5 Poems

by Jane Sprague






the lesser cats



Attention is the rarest form of generosity. It is the activity of investigation that interests the most. Claims for understanding ourselves.

You need to experience the language of the place intimately to quote memory. Current invisible forces, a situation the result of guerrilla tactics: dialogues can never be exclusively naming.

How does it challenge…what point of contact…where are we safe in…how do we…

It matters what discourse. The form itself inserts our—

When you…

Moments of social rupture.

How do we…and in our…moment of…

Everything personal escapes the question of presence everything past its edges.

To what degree is the…use of a knowledge…

I use all of his language against him.








he’s, she’s, hers, his, yours, mine, ours, I’ve, we’ve, they’ve, could’ve, might’ve, aren’t, wasn’t, they’re, they’ve, (…)

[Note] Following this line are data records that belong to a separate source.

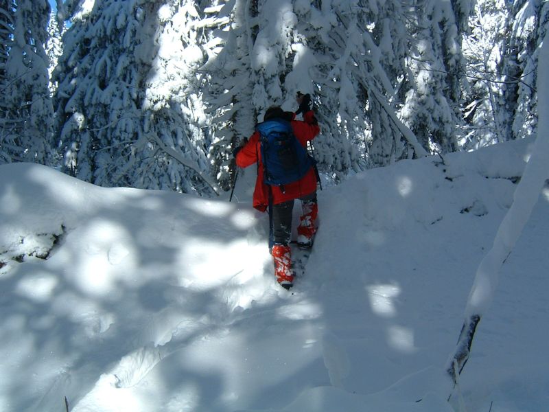 Joe descending through one of the gulleys off Crêt de la Neuve.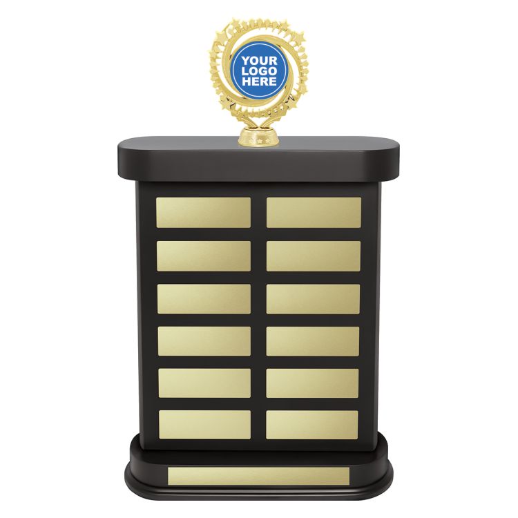 Excellent perpetual award featuring classic black finish & broad space for your engraving requirements. Rampart perpetual features trophy holder to showcase your custom logo.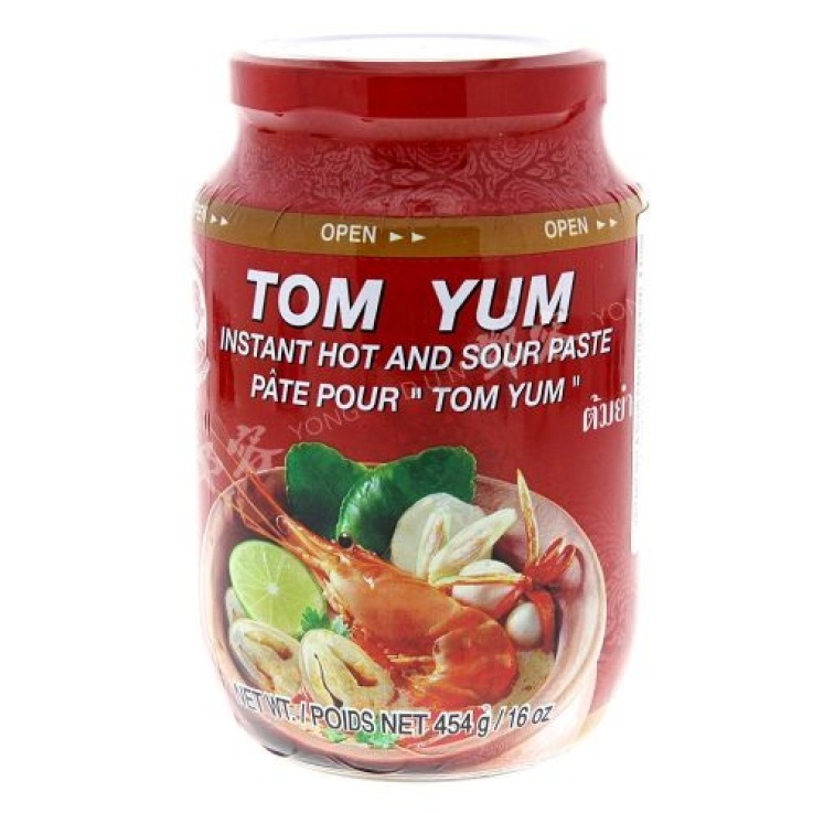 Paste for making Tom Yam soup. Start with a chicken broth, add paste, chicken meat, shrimp and mushroom. To make it extra tasty add some fresh coriander.

and oh, their kind ellipses.








shouldn’t, couldn’t, needn’t, mightn’t, oughtn’t, his hers ours theirs mine. mine.
wasn’t, twasn’t, aren’t, can’t, could’ve  should’ve, would’ve, might.

oh these lapping pronounce.







whose? his? ours? hers? theirs? mine? I’ve? we’ve? they’ve?

my, my, my, my, my.



the lesser cats

one is over there thinking of another who is over here. in this he thinking of she, or she of she, he of he, we—never touching only thinking. our never idle thinking.

a horizontal beam of light up down up down and us pitched to the screen.
impossible to switch to leave. a horizontal beam of light scans up down across lines

pointing to this idea—here. so much depends upon perception. or, an illusion of answers.

in the space of approximately ten square feet we regard each other
as uncaged lions. a confusion of selves appears as we this idea of we splits apart the real.

these lions we are sniffing track the edges of this we.

it’s easier inside the lit code. no scent to distract. no flexing feet.  no twisting neck across the span too small for some heat to rise.

if we are lions we are stalking

if we are in a room it is not big enough to hold us

if we are pitched in our chairs to the edge of desks we are writing

if we are stopped in the flickering beam we cannot see its path

up and down and down over us changing



Jane Sprague publishes Palm Press, www.palmpress.org . She began and curated the West End Reading Series in Ithaca, NY. Her work has been published in many print and online magazines including Kiosk, Jacket, Bird Dog, Rain Taxi, Xcp: Cross Cultural Poetics, and The Poetry Project Newsletter, among others. She lives in Long Beach, California.

Working Note: “Disintercourse” appropriates language from Carla Harryman, Akilah Oliver, Brenda Coultas, Gertrude Stein, Raymond Williams, Barrett Watten and others. (Naropa Institute, Summer, 2003.